Currently, our valleys are pretty bereft of beaver as we are drying up with climate change and trans-mountain water diversions. Seventy to 80% of our west-side waters are being shipped to the Front Range and soon it may be 90% into Eastern Slope reservoirs.
We can begin to curb this water conundrum by building man-made beaver dam replicas known as beaver dam analogues. Building these replicas in our upper reaches will slow down those waters and replenish willow supplies for our natural earth engineers, rodent Castor canadensis (beaver). If we build them, along with tall fence exclosures to keep the over-browsing ungulates from eating all the willow to the ground, the beaver will come.
This restoration is a prime goal of our watershed group, the Upper Colorado Watershed Environment Team, or UCWET (formerly Upper CO River Watershed group). We have been working with several entities to further this goal: Save the Colorado, Colorado Department of Health and Environment, Northern Water and now the U.S. Forest Service.
Also, along with our local libraries, the environment team is in the midst of setting up a citizen science program, which will be accessed on our website so that all of you who care about our county can help us with data gathering, while you are enjoying our great outdoors. We will announce when the site is up and running.
Last fall, some of our watershed group helped build beaver dam analogues on Spruce Creek in Summit County. The project was sponsored by the Bureau of Reclamation’s Kremmling office. This tiny creek flowed through a dry meadow — the grass and willow covered ground was all lumpy with long abandoned beaver dams. Our team built four dams in one day and by the time we got out of there, we were hip-deep in water gullies.

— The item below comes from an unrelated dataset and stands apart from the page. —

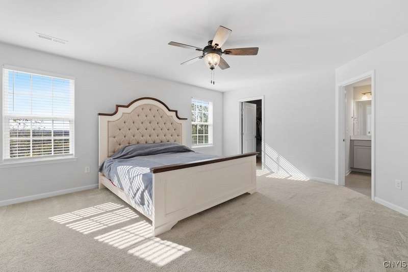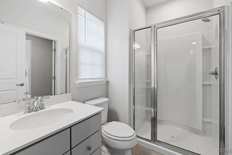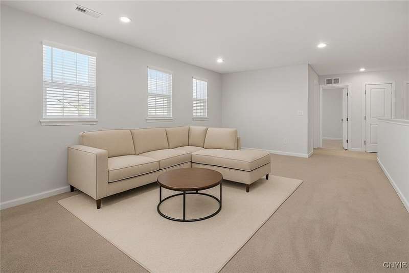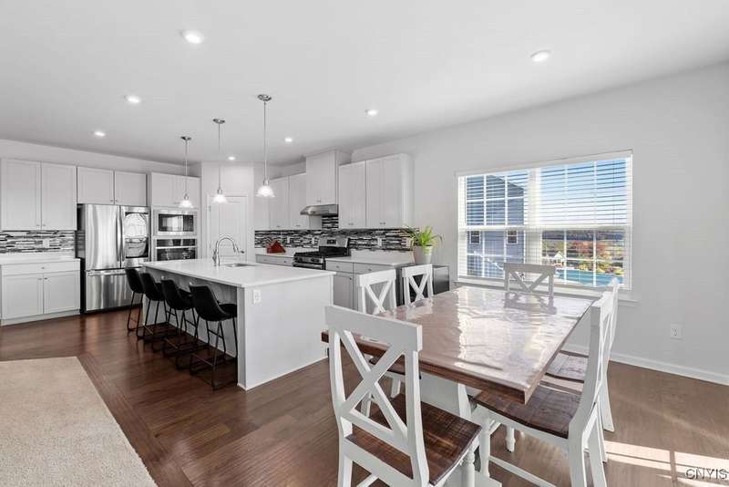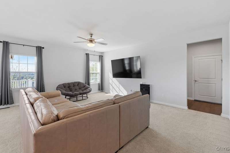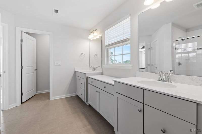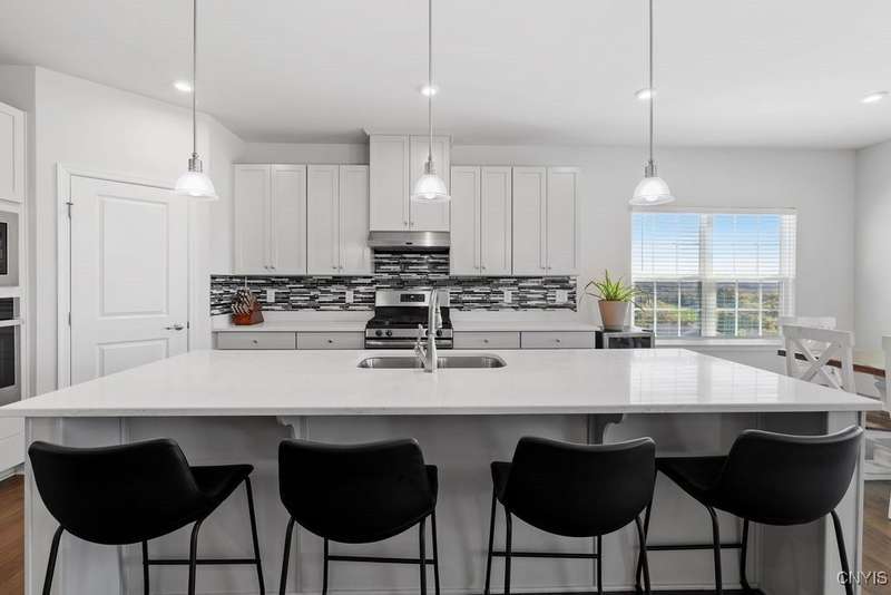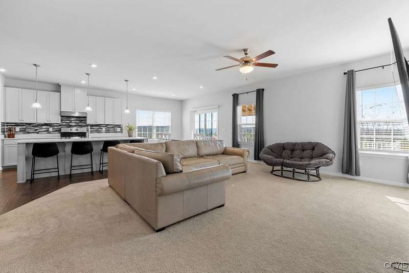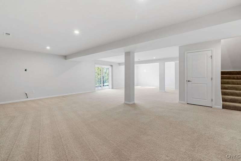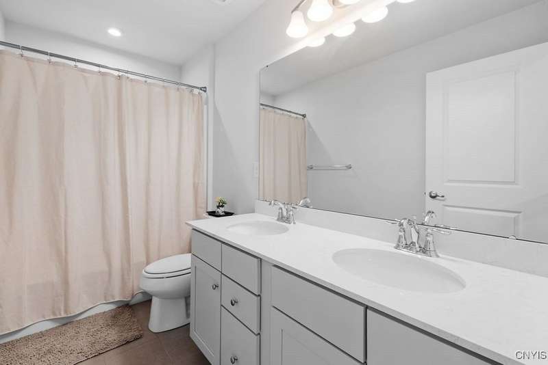 Why wait to build when your dream home is ready now? This stunning five-bedroom, three-full-bath Colonial in the highly sought-after West Genesee School District offers over 3,000 square feet of beautifully designed living space, plus approximately 1,000 additional square feet in the finished basement with a roughed-in full bath for future expansion. Nestled on over an acre of land with breathtaking vista views, this home features a first-floor guest or in-law suite, an open-concept kitchen, dining, and family room with elegant quartz countertops throughout, and a versatile first-floor flex space perfect for a formal dining room, office, or living area. The spacious primary suite includes two walk-in closets and a luxurious bathroom with a Roman shower, while the second floor offers an additional flex area ideal for a playroom or lounge. Enjoy both covered and open deck spaces for outdoor living, along with a three-car garage and a triple-wide concrete driveway. With its perfect blend of comfort, quality, and modern design, this home truly has it all.

The hope/expectation is that beaver will be able to move on up from the Blue River and reestablish themselves. The first creek we are tending to in Grand County is Supply Creek, on Forest Service land in the Kawuneeche Valley, adjacent to Rocky Mountain National Park. This creek was the most severely damaged by the 2020 East Troublesome Fire. But all the creeks in the park are in desperate need of restoration. Respect our Mother Earth.